ACTION ITEM
Exact wording is required: transcribe all the entries and leave the images out.
-- RECORDS SHOWN follows --
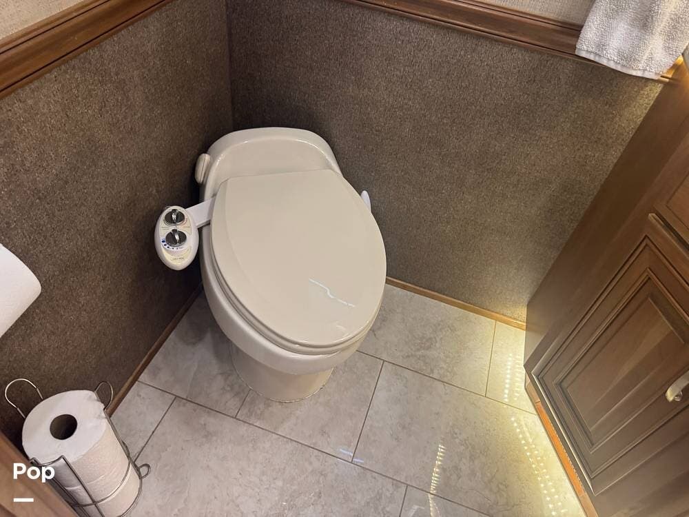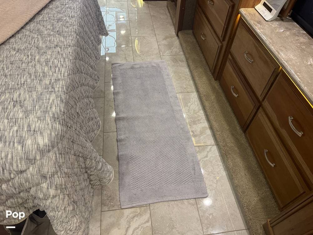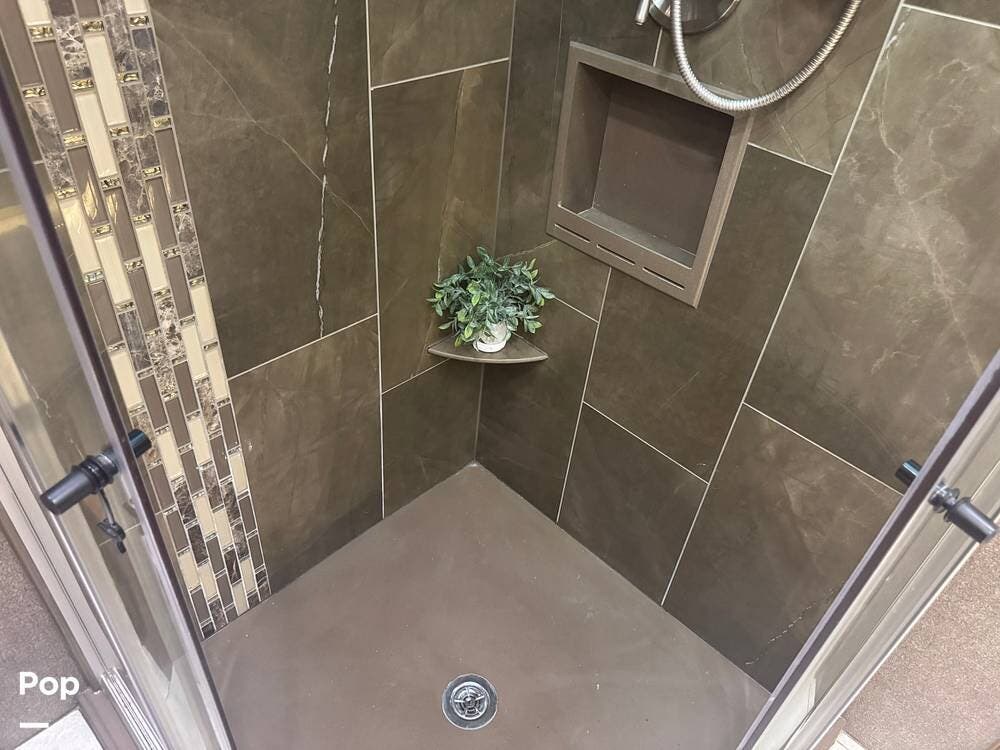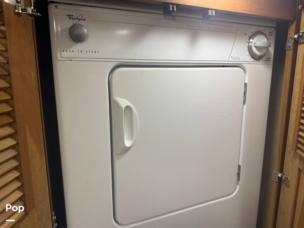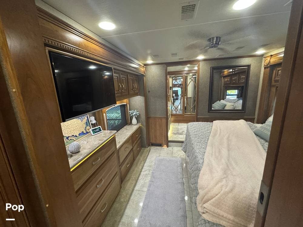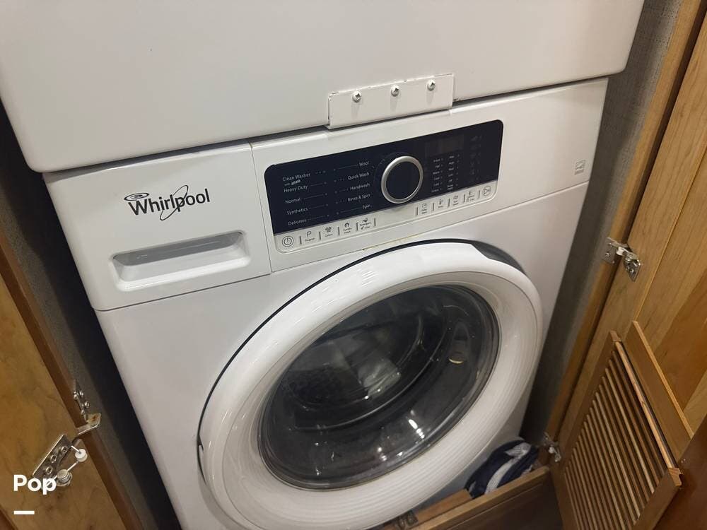 Retreat to the rear master bedroom, featuring a king-size bed, ample wardrobe storage, a washer/dryer, and another LED TV. The spa-inspired bathroom features a large shower, high-quality fixtures, and elegant finishes, bringing the comforts of home wherever you travel. There's a second bathroom just before the bedroom entrance, so a bathroom is accessible even when you want privacy in the bedroom area.
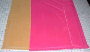 La mayoría de la falda va a ser color de rosa así que corte mi tela 16 largo por todo el ancho. Esto incluye el margen de costura de 1/2 al colocar la pretina y margen de costura de 1/2 para sujetar la pieza de mostaza.
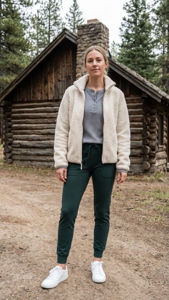 Keep your shoes simple with clean sneakers or slip-on shoes. Add a beanie if it’s cold, and you’ve got that “mountain casual chic” thing down. This works for low-key days when you’re mostly hanging around the cabin or doing easy outdoor activities.
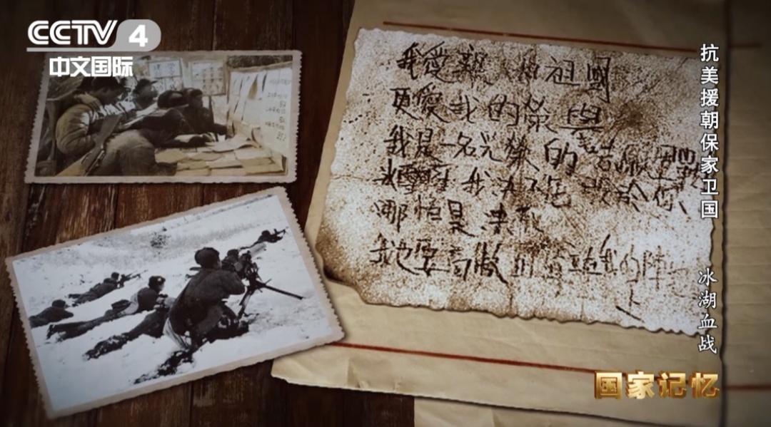 当我们的后续部队上去打扫战场的时候,他们从一位叫宋阿毛烈士的上衣口袋里找到了一个卡片,上面写道:我爱亲人和祖国,更爱我的荣誉,我是一名光荣的志愿军战士,冰雪啊,我决不屈服你,哪怕是冻死,我也要高傲地耸立在我的阵地上。
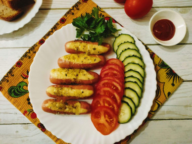 Сосиски брала свои любимые, немного подкопчённые. Сыр взяла твёрдых сортов. Из специй добавила хмели-сунели, чёрный молотый перец и смесь ароматных трав. Солить не стала, так как сыр и так добавляет солёность. В своей духовке запекала 15 минут, режим верх-низ без конвекции. Подала сосиски со свежими овощами и зеленью. Всей семье такие сосиски пришлись по вкусу!
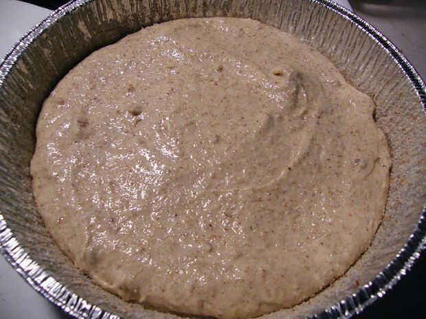 Vierta la mezcla mitad en tartera enmantecada y enharinada
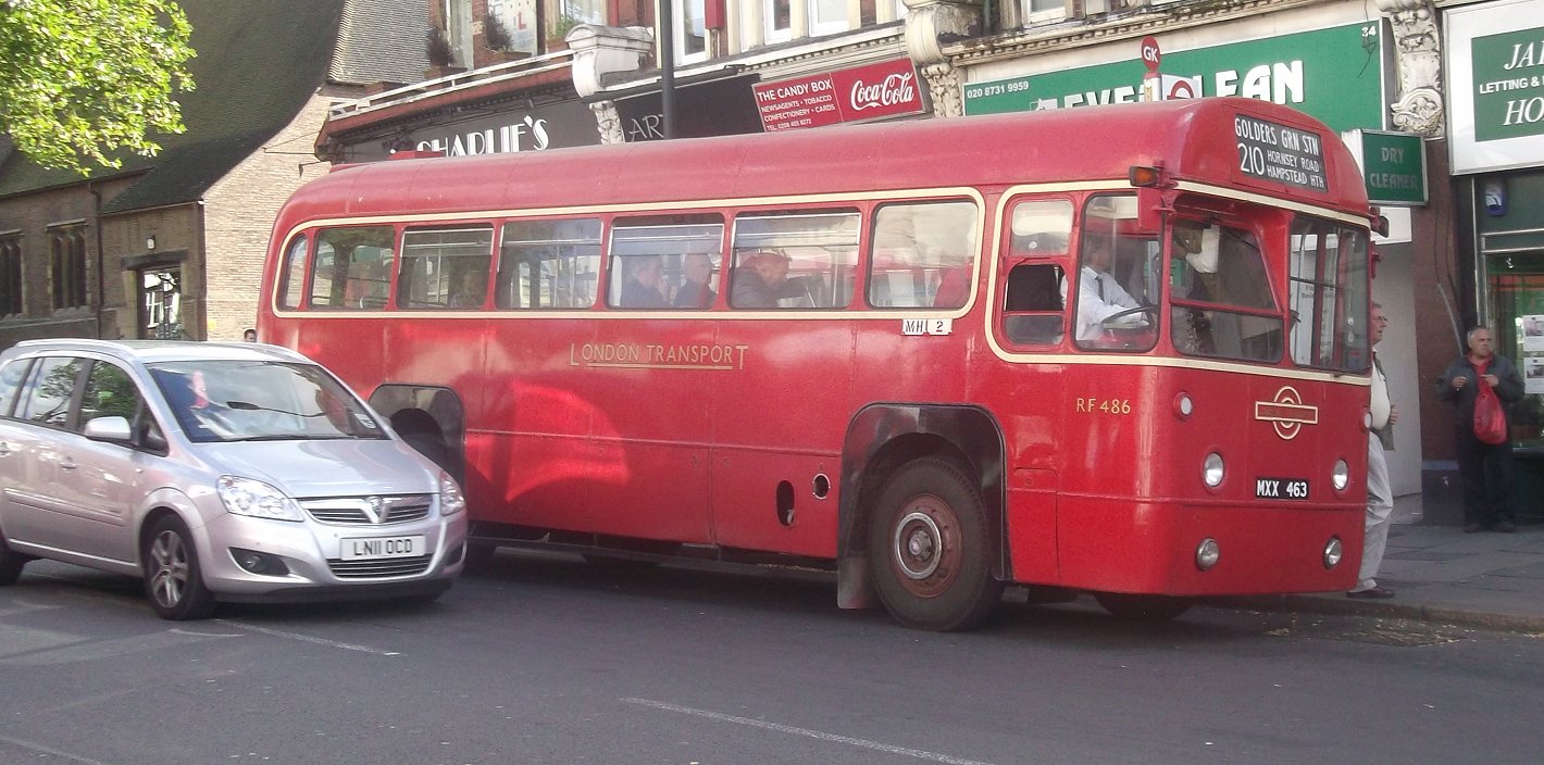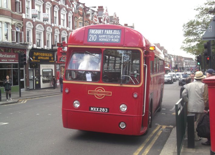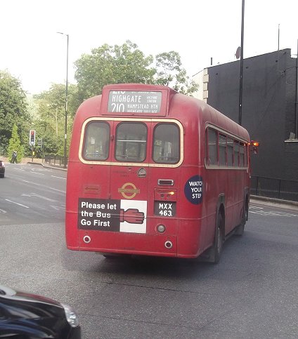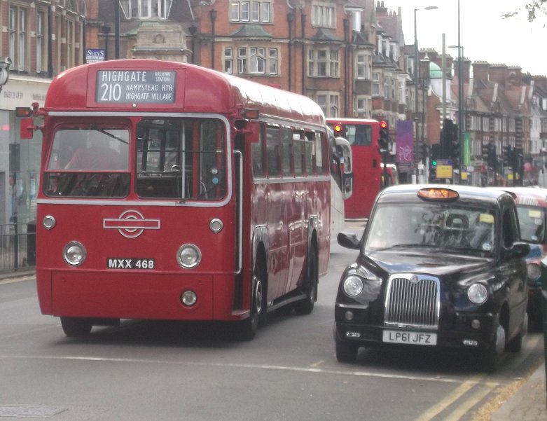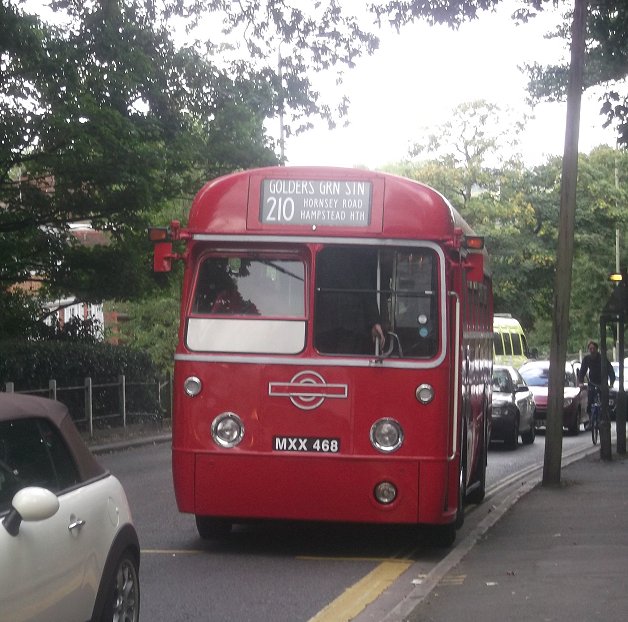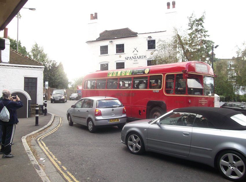 210: The Spaniards to Golders Green: RF491By now the afternoon traffic through the Toll Gate was building up, with bad temper and displays of stupidity by many car drivers. I watched RF433 squeeze through, heading for Finsbury Park, then went to join RF491, which had rolled up in the queue from the east.RF491, the Timebus RF, took me westwards to Jack Straws Castle, and down the hill to Golders Green, where I alighted to wait for the following (last) RF. I crossed the road, and watched RF491 make a circuit of the roundabout and return past the taxi rank to load up for its last journey of the day, to Archway Station. Cadet 3721 went the other way on the 168.
-- RECORDS SHOWN concluded --
EXERCISE ANSWER
 Retreat to the rear master bedroom, featuring a king-size bed, ample wardrobe storage, a washer/dryer, and another LED TV. The spa-inspired bathroom features a large shower, high-quality fixtures, and elegant finishes, bringing the comforts of home wherever you travel. There's a second bathroom just before the bedroom entrance, so a bathroom is accessible even when you want privacy in the bedroom area.
 La mayoría de la falda va a ser color de rosa así que corte mi tela 16 largo por todo el ancho. Esto incluye el margen de costura de 1/2 al colocar la pretina y margen de costura de 1/2 para sujetar la pieza de mostaza.
 Keep your shoes simple with clean sneakers or slip-on shoes. Add a beanie if it’s cold, and you’ve got that “mountain casual chic” thing down. This works for low-key days when you’re mostly hanging around the cabin or doing easy outdoor activities.
 当我们的后续部队上去打扫战场的时候,他们从一位叫宋阿毛烈士的上衣口袋里找到了一个卡片,上面写道:我爱亲人和祖国,更爱我的荣誉,我是一名光荣的志愿军战士,冰雪啊,我决不屈服你,哪怕是冻死,我也要高傲地耸立在我的阵地上。
 Сосиски брала свои любимые, немного подкопчённые. Сыр взяла твёрдых сортов. Из специй добавила хмели-сунели, чёрный молотый перец и смесь ароматных трав. Солить не стала, так как сыр и так добавляет солёность. В своей духовке запекала 15 минут, режим верх-низ без конвекции. Подала сосиски со свежими овощами и зеленью. Всей семье такие сосиски пришлись по вкусу!
 Vierta la mezcla mitad en tartera enmantecada y enharinada
 210: The Spaniards to Golders Green: RF491By now the afternoon traffic through the Toll Gate was building up, with bad temper and displays of stupidity by many car drivers. I watched RF433 squeeze through, heading for Finsbury Park, then went to join RF491, which had rolled up in the queue from the east.RF491, the Timebus RF, took me westwards to Jack Straws Castle, and down the hill to Golders Green, where I alighted to wait for the following (last) RF. I crossed the road, and watched RF491 make a circuit of the roundabout and return past the taxi rank to load up for its last journey of the day, to Archway Station. Cadet 3721 went the other way on the 168.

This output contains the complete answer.